As a relatively rare malignant tumor of the central nervous system, ependymoma (EPN) can occur at any age and can involve various locations along the neural axis. Ependymoma accounts for approximately 7% of all neuroglial tumors, with a higher incidence in males than in females [3, 6]. Ependymal tumors have the potential to spread within the nervous system, including the spinal cord, through cerebrospinal fluid dissemination. Approximately 25% occur in the supratentorial brain ventricles, and the remainder occur in the spinal cord [7]. The incidence of metastasis increases with higher tumor grade, but systemic metastases are rare. Additionally, statistics have shown that approximately 45% of ependymoma patients have poor prognoses [8]. Complete tumor resection and local radiation therapy have resulted in an overall survival rate of up to 85% [9]. Despite improvements in survival rates, prognosis remains poor for young children and patients with recurrence or metastasis, with high rates of recurrence. The treatment of ependymoma remains challenging [10].
The treatment standards for ependymoma still involve surgical removal and adjuvant radiation therapy.
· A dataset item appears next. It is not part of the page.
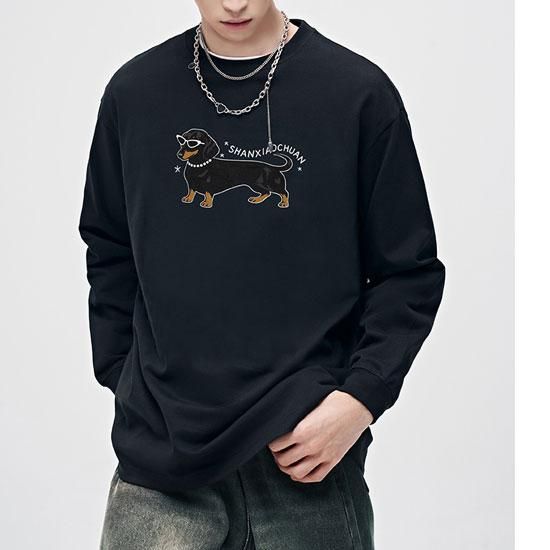 V系 ロンT メンズ モード系 ロングTシャツ メンズ オラオラ系 Tシャツ メンズ 長袖 カットソー 犬 ワンコ ダックス アニマル ヴィジュアル系 ファッション 30代 40代 50代 60代 ス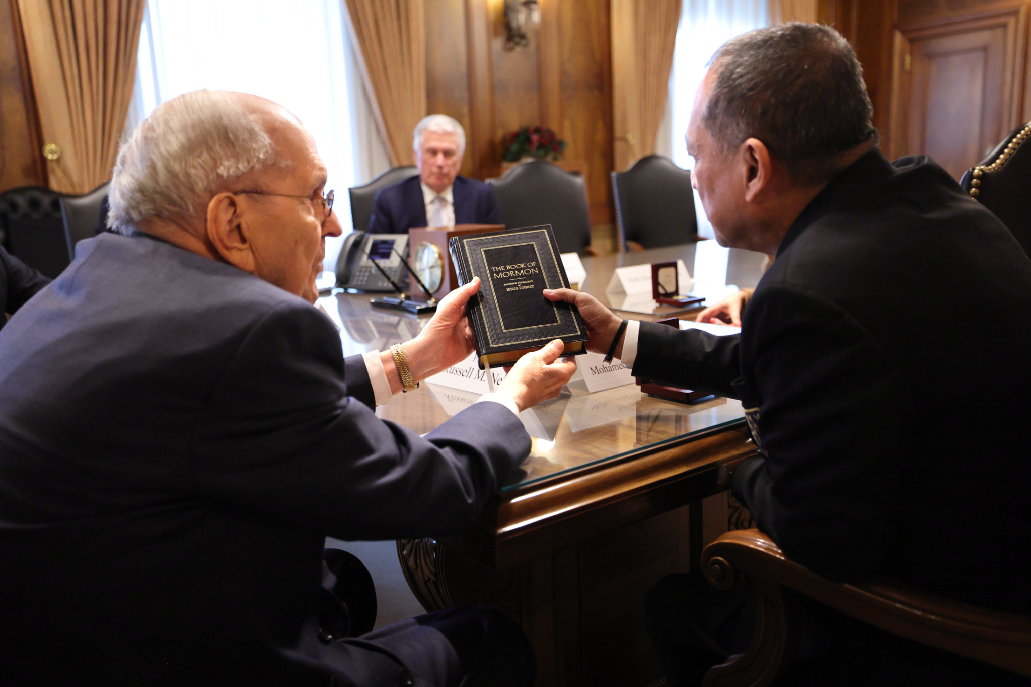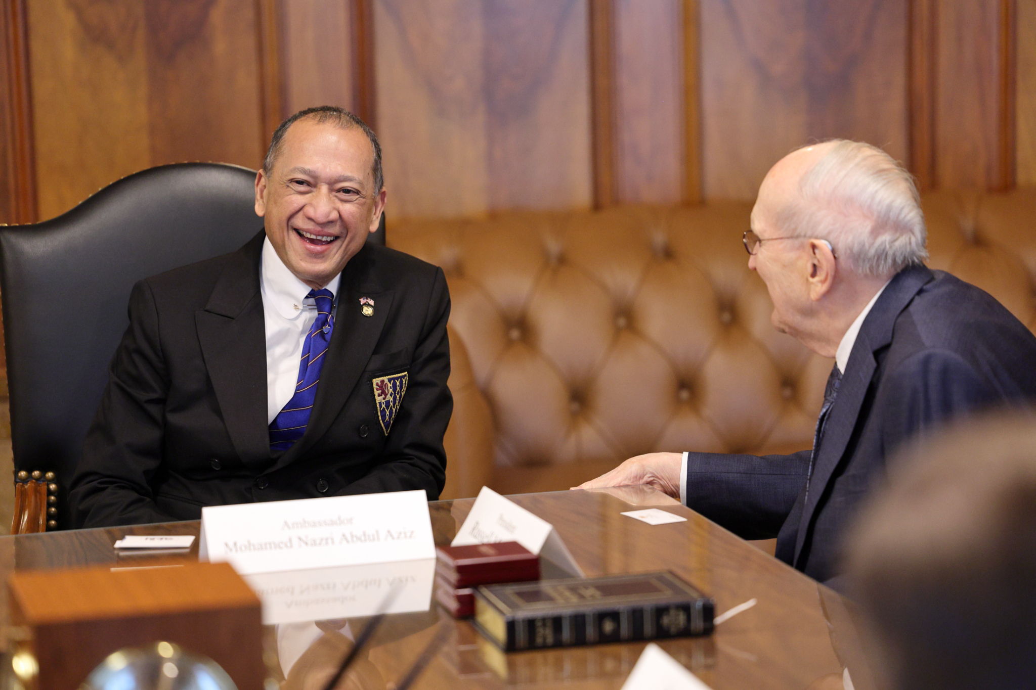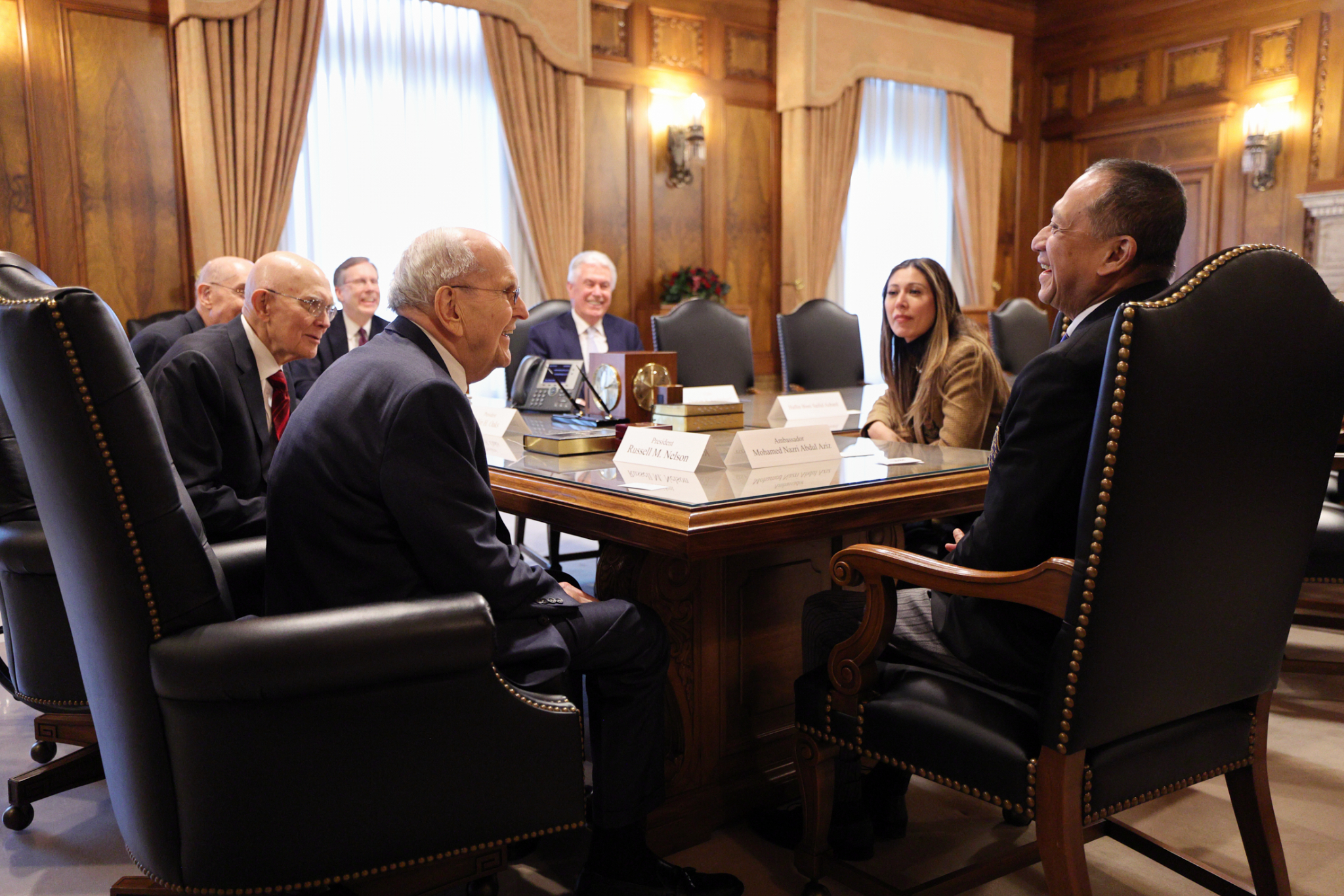 The following day, the First Presidency and Elder Dieter F. Uchtdorf of the Quorum of the Twelve Apostles met with Mohamed Nazri bin Abdul Aziz, the ambassador from Malaysia to the United States. The ambassador was accompanied by his wife, Haflin Binti Saiful Azhar, and their 7-year-old son.

The purpose of surgical removal is to obtain tumor tissue for diagnosis, open the cerebrospinal fluid pathway to relieve hydrocephalus, eliminate compression on delicate neural structures, and achieve maximal safe resection. However, for patients in whom complete surgical removal is not possible, systemic chemotherapy can improve their prognosis to some extent. Nearly half of ependymoma patients will experience recurrence, usually occurring in the early postoperative period and often at the site of the original tumor. Recurrent ependymoma generally has a poor prognosis, with a 5-year survival rate of only 25% [11, 12]. Clinical trials have explored the use of various chemotherapy drugs for treating recurrent ependymoma, but the efficacy rates for single-agent (12.9%) or multi-agent (17.4%) chemotherapy are both low, and this strategy has not demonstrated any clear benefits for pediatric patients' survival [13]. Currently, there are no clear recommendations for using chemotherapy to treat recurrent pediatric intracranial ependymoma. The World Health Organization's treatment standards for grade II or III intracranial ependymoma in children involve receiving focal conformal radiation therapy after tumor resection, with a maximum dose of 59.4 Gy [14]. In summary, even with surgery, chemotherapy, and/or adjuvant radiation therapy, the recurrence rate of ependymoma can reach as high as 23-66% [15-18]. Currently, there is no standard treatment plan for recurrent ependymoma, and clinicians often choose an appropriate treatment approach (surgery, radiation therapy, or chemotherapy) based on individual circumstances.
Currently, research on the prognosis of childhood ependymoma after recurrence is mostly based on data obtained from studies on overall recurrent gliomas, or on small, heterogeneous institutional reviews and summaries of clinical experience. Therefore, this study utilizes a meta-analytical approach to evaluate the prognosis and influencing factors of recurrent pediatric ependymoma, aiming to provide evidence-based recommendations for clinical practice.

2. MATERIALS AND METHODS

2.1. Literature search strategy

Computer retrieval of Cochrane Library, Embase, PubMed, and Web of Science. The search strategy includes subject terms and free words. The search time is limited from the establishment of the database to September 2023. At the same time, reference literature of included studies is also retrieved to supplement the relevant literature. The search terms include (("Ependymoma"[Mesh]) OR ((((((((((((((((Ependymomas)) OR (Ependymoma, Papillary)) OR (Ependymomas, Papillary)) OR (Papillary Ependymomas)) OR (Papillary Ependymoma)) OR (Ependymoma, Myxopapillary)) OR (Ependymomas, Myxopapillary)) OR (Myxopapillary Ependymoma)) OR (Myxopapillary Ependymomas)) OR (Anaplastic Ependymoma)) OR (Anaplastic Ependymomas)) OR (Ependymoma, Anaplastic)) OR (Ependymomas, Anaplastic)) OR (Cellular Ependymoma)) OR (Clear Cell Ependymoma))) AND (("Neoplasm Recurrence, Local"[Mesh]) OR (((((((((((Local Neoplasm Recurrences) OR (Locoregional Neoplasm Recurrence)) OR (Recurrences, Local Neoplasm)) OR (Neoplasm Recurrences, Local)) OR (Recurrence, Local Neoplasm)) OR (Recurrence, Locoregional Neoplasm)) OR (Local Neoplasm Recurrence)) OR (Neoplasm Recurrence, Locoregional)) OR (Locoregional Neoplasm Recurrences)) OR (Neoplasm Recurrences, Locoregional)) OR (Recurrences, Locoregional Neoplasm)))) AND (("Pediatrics"[Mesh]) OR ((((((((((((((((Adolescents) OR (Adolescence)) OR (Teens)) OR (Teenagers)) OR (Youths)) OR (Female Adolescent)) OR (Female Adolescents)) OR (Adolescents, Male)) OR (Adolescent, Male)) OR (Male Adolescent)) OR (Male Adolescents)) OR (Pediatric)) OR (child)) OR (Children)) OR (Kids)) OR (school-age))). Taking Embase as an example, please refer to Table 1 for the specific search strategy.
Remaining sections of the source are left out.